We’ve spent quite a bit of time figuring out how to get our atmospheric data from our servers to your computer where it can be rendered and displayed in our 3D visualisation web application. When the forecast is run on our supercomputer, it stores the output in a series of files, with each different forecast quantity (e.g. cloud amount) amounting to about 5GB. These files are great for analysis, but they aren’t really suitable for visualising in the browser.
We want to encode this data is such a way as:
- We can easily get it into a web browser
- We can animate it
- It can be transferred to to the graphics card for rendering
- The file size is smaller
We found that encoding the data as a video covered all these bases, and this approach has been instrumental in allowing us to successfully do 3D visualisation in the browser. In a nut-shell we encode our 3D latitude x longitude x altitude x time data arrays into a video of tiled latitude x longitude slices. We’ve talked about this previously, but we thought we’d go into a bit more detail about how and why we’ve encoded the data like this.
Streaming to the web browser
One major advantage of using video codecs is that web browsers are already set-up to deal with them. For instance, we stream our data to the browser using an HTML5 canvas. This has a couple of advantages. Firstly, it means we don’t have to have all the data in browser memory at once, so the animation can start playing as soon as it has buffered enough data. Secondly, it gives us access to the HTML5 video interface, which lets us control starting, stopping, and skipping the video.
Getting the data to the graphics card
Welcome to Flatland
Ironically, WebGL data exists in Flatland. WebGL is the 3D visulisation library that we use to render the data array in a 3D environment. It is set-up to use data in the form of 2D images. Traditionally, these images, or “textures” are skinned on top of 3D models to give them…well, apparent texture. As a result, WebGL currently only accepts 2D data structures, ideally in the form of an image. We hacked this data route to allow us to get 3D data fields into our WebGL environment.
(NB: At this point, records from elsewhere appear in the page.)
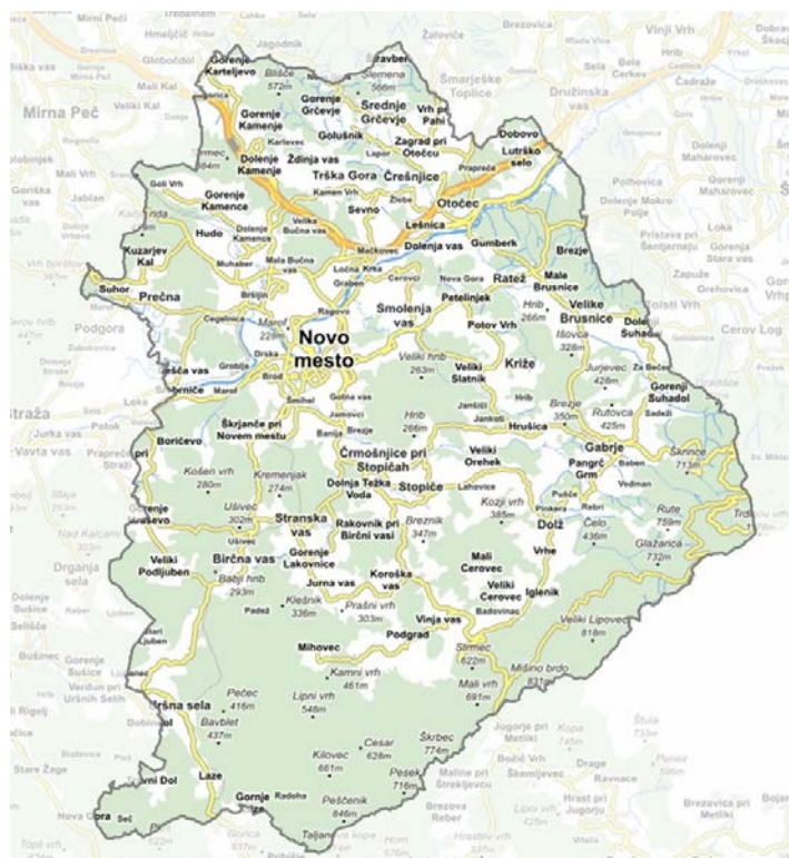
Karta št.1: Območje Mestne občine Novo mesto
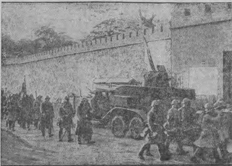
wkraczają z muzyką przez wrota miejskie do Jeholu.
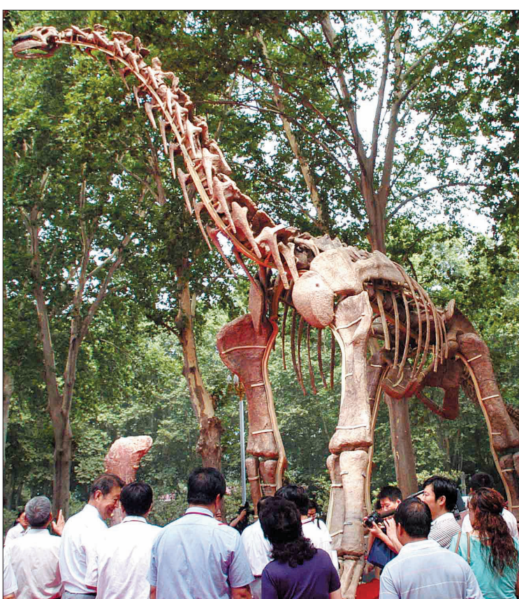
复原的汝阳黄河巨龙骨骼

河南省地质博物馆馆长蒲含勇介绍,我国长脖子恐龙以“四川马门溪龙”为代表,后又在新疆发现马门溪龙类恐龙,脖子长16米,但这些长脖子恐龙均发现于侏罗纪地层中。此前发现于甘肃的康熙湾龙、蒙古国的艾氏长生天龙也属于早白垩纪晚期,汝阳云梦龙可能与之组成一个亚洲早白垩纪晚期具有长脖子的蜥脚类恐龙类群,该类群比巨龙类原始而比发现于山东省的师氏盘足龙进步,师氏盘足龙可能为其原始类群。这一研究成果最近发表在英国学术期刊《白垩纪研究》第44卷上。 由于这个恐龙化石发现地——花庙沟村属于汝阳县云梦山地区,特命名为汝阳云梦龙。截至目前,在汝阳盆地早白垩纪晚期的地层中,已发现了4种蜥脚类恐龙:汝阳黄河巨龙、岷山龙、巨型汝阳龙和汝阳云梦龙。
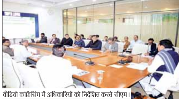
वीडियो कॉन्फ्रेंसिंग में अधिकारियों को निर्देशित करते सीएम।

कृषक कल्याण वर्ष का करें प्रभावी क्रियान्वयन, कृषि वर्ष की गतिविधियों की करें नियमित मॉनिटरिंग
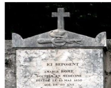
Sa tombe au cimetière de Voreppe

A son enterrement, « il fallut porter à travers les rues du village le cercueil ouvert pour permettre aux habitants, qui se pressaient sur le trajet, de contempler une dernière fois le visage du bon docteur ».
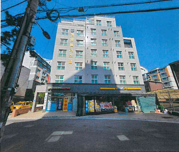
[ 대상물건 전경 ]
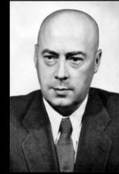
Premier Józef Cyrankiewicz

- "Każdy prowokator czy szaleniec, który odważy się podnieść rękę na władzę ludową, niech będzie pewniem że mu tę rękę władza ludowa odrąbie"

We ended up doing this by tiling each altitude layer adjacently to make a large matrix of latitude x longitude slices, which is saved out as an image for each time in the forecast. An image is made up of red, green and blue channels, so to pack as much information in as possible, we also tile different data in the different colour channels. This data can now be transferred into our WebGL environment where it can be effectively decoded back into a 3D array.
A lot of time, effort and money has been invested in creating efficient video codecs. Companies like YouTube and Netflix rely on efficient video compression to allow them to stream high definition video to consumers.
What (data) have we got to lose?
Broadly speaking, we had a choice between two types of compression: lossy and lossless. Lossy compression, generally, results in smaller files than lossless compression, but in the process it sacrifices some of the information. In other words, lossless compression is completely reversible and lossy compression isn’t. This presents us with a interesting question: do we want to keep the data that is lost by lossy compression or not? The answer is that it depends what we are using it for.
A scientist who is calculating a highly quantitative number as part of an experiment probably can’t tolerate much data-loss (although we already store data at a finite precision, meaning some data-loss is inevitable). This question of lossy compression of scientific data is increasingly up for debate due to the vast amounts of data involved in modern science; can scientists perform new science by reducing data precision for the pay-off of increasing the number of analysed data points, for instance?
However, for visualisation, lossy compression should be far less controversial. In fact, video compression is fundamentally designed to only lose information that we can’t see, which is why lossy compressed high definition videos look so good. We conducted experiments with data limited to four bit values, so each data point was converted to an integer between 0 and 15, and we found it very hard to see the difference in the rendered visualisation which told us we could stand to lose a lot of data before we would lose relevant information. We ended up limiting the precision of our data to 8-bit values (0 - 255), and using lossy compression. We tried a few different codecs, and settled upon the open source Ogg Vorbis Theora codec, although its very likely that other codecs may give better compression. With this compression, we convert 5GB of raw data into a 13MB video.
Is there an even better way of doing this?
One of the ways that compression works is by spotting features. For illustration, if there is a black square that is three x three pixels, it is more efficient to represent this as three data values,
side length three pixels, other side length pixels, colour black
than the default uncompressed nine data-point version
black pixel, black pixel, black pixel, black pixel, black pixel, black pixel, black pixel, black pixel, black pixel
…I think its probably a bit more complicated than that, but I hope you get the principle. What’s more, if this square is in a video and doesn’t change between time frames, we can compress it as
just repeat the square from last frame
This is useful for compressing our data: for instance, areas of cloud tend to be near other areas of cloud, and they tend not to leap to radically different places between time-steps.
However, our data is just pretending to be 2D - it’s obviously really 3D. There is information about the vertical structure of the field that the compression algorithm might find useful, but that we aren’t giving it. In principle we would get even more efficient data compression by extending the 2D compression algorithms to natively encode 3D data. I think we might see this kind of 3D voxel field becoming more common in future, so it will be interesting to see if native 3D animation codecs are introduced.